Llevar a la práctica educativa el principio de prevención supone:

  • Poner especial atención a los momentos de transición del alumno en sus diferentes etapas educativas.
  • En esta perspectiva los programas de acogida a los nuevos alumnos cobran una especial relevancia, en el sentido más amplio de preparar los ambientes a los que acceden.
  • Conocimiento inicial del alumno, que permita conocer lo antes posible las características y circunstancias de los alumnos a fin de detectar las posibilidades de riesgo de la aparición de dificultades. Para ello se hace necesario realizar un diagnóstico exhaustivo y precoz del alumno utilizando los recursos científicos y técnicos adecuados.
  • Apertura al entorno social, lo que supone traspasar el marco meramente escolar pr estando especial importancia a la relación familia-escuela.

b.        Principio de desarrollo de capacidades

Si la educación tiene como máximo objetivo el desarrollo de las capacidades, habilidades y potencialidades de la persona, la orientación puede ser un agente activador y facilitador de ese desarrollo. Para lograrlo se debe dotar al alumno de las capacidades necesarias para afrontar las demandas de cada etapa evolutiva y el proporcionarle las situaciones de aprendizaje que facilite el progreso del mismo.

c.         Principio de intervención social

Diversas investigaciones realizadas en los últimos años nos hablan de la inoperancia de una intervención educativa que no tenga en cuenta los elementos o factores ajenos al marco escolar pero que fuera de la escuela inciden de forma importante en el desarrollo personal de los alumnos, de manera que pueden bloquear su desarrollo (obstáculos ambientales).

Si la educación es un proceso de aprendizaje continuo que no acontece sólo en el marco escolar, lógico es pensar que debemos prestar atención a los otros marcos sociales donde también se produce aprendizaje. Tener en cuenta este principio supone en la práctica: Que la actividad orientadora debe dirigirse a modificar aspectos concretos tanto del marco educativo (dirección, organización, metodologías de trabajo, etc.), como del contexto social (trabajo infantil, programas de alimentación, asistencia social, becas, etc.). No encontramos justificación a las posturas pasivas de aquellos docentes que encuentran argumentos para no intervenir, por que dicen que lo que ocurre fuera de la puerta de la I.E. no es de su competencia.

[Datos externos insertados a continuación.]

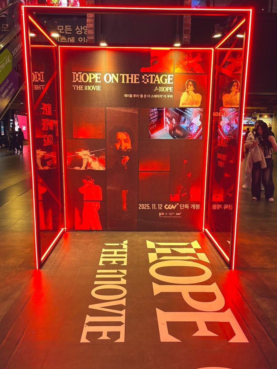 3 ноября стартовал показ фильма HOPE ON THE STAGE TOUR The Movie IMAX. В кинотеатре CGV Yongsan IPark Mall сделали суперские фотозоны для Арми. Страсть мирового турне, увековеченная в легенде на большом экране: J-Hope из BTS, момент, когда он покорил экран, музыку и лидерство. Под конец осени все вновь расцвело под именем J-Hope из BTS. Его путь, включающий сценическое присутствие, выступления на экране, лидерство и художественное совершенство, разворачивается как культурное возрождение. Концерт HOPE ON THE STAGE FINAL Goyang Encore, который прошел в июне на главном стадионе города Коян, взбудоражил более 524 000 фанатов. Фильм HOPE ON THE STAGE TOUR The Movie, запечатлевший живое выступление, неизданные сцены и закулисные истории, открывает новую главу перед его глобальным релизом по всему миру — 12 ноября. J-Hope из BTS успешно завершил свое мировое турне, выступив с 33 концертами в 16 городах от Сеула до Северной Америки, Азии и Европы. Его историческое выступление на стадионе BM

Concienciar al orientado de la existencia de factores ambientales (en su caso) que obstaculizan el logro de sus objetivos personales, con el fin de generar una actitud activa que consiga el cambio de tales factores.

Si partimos de la existencia de una divergencia entre los valores del alumno e institución educativa, así como de la persona y la sociedad, el conflicto que se produce no se debe resolver con un simple ajuste o adaptación del alumno, sino a través de un serio esfuerzo por cambiar determinadas características ambientales.

d.        Clima de Aula.

El aula es uno de los espacios más importantes para el aprendizaje y la interacción entre personas. Por ello, el clima en el cual se comunican e interactúan maestros y alumnos debe ser de confianza, respeto, alegría, justicia y permanente dialogo, puesto que al interior de este proceso comienzan a revelarse sentimientos propios, formas de entender el mundo, pensamientos y creencias y sobre todo los juicios y comportamientos morales de los agentes educativos implicados.

Nuestra disposición como educadores antes, durante y después de las clases es fundamental para generar en el aula un clima educativo positivo. Nuestra dinámica, estrategias de aprendizaje, posturas y formas de dirigirnos a nuestros alumnos nos pueden permitir lograr una atmósfera de acogida, participación, libertad, diálogo y escucha activa. Nuestros niveles de tolerancia y comprensión, así como el manejo de la información que se presenta debe consolidar y permitir la formación académica, procedimental y moral de nuestros alumnos.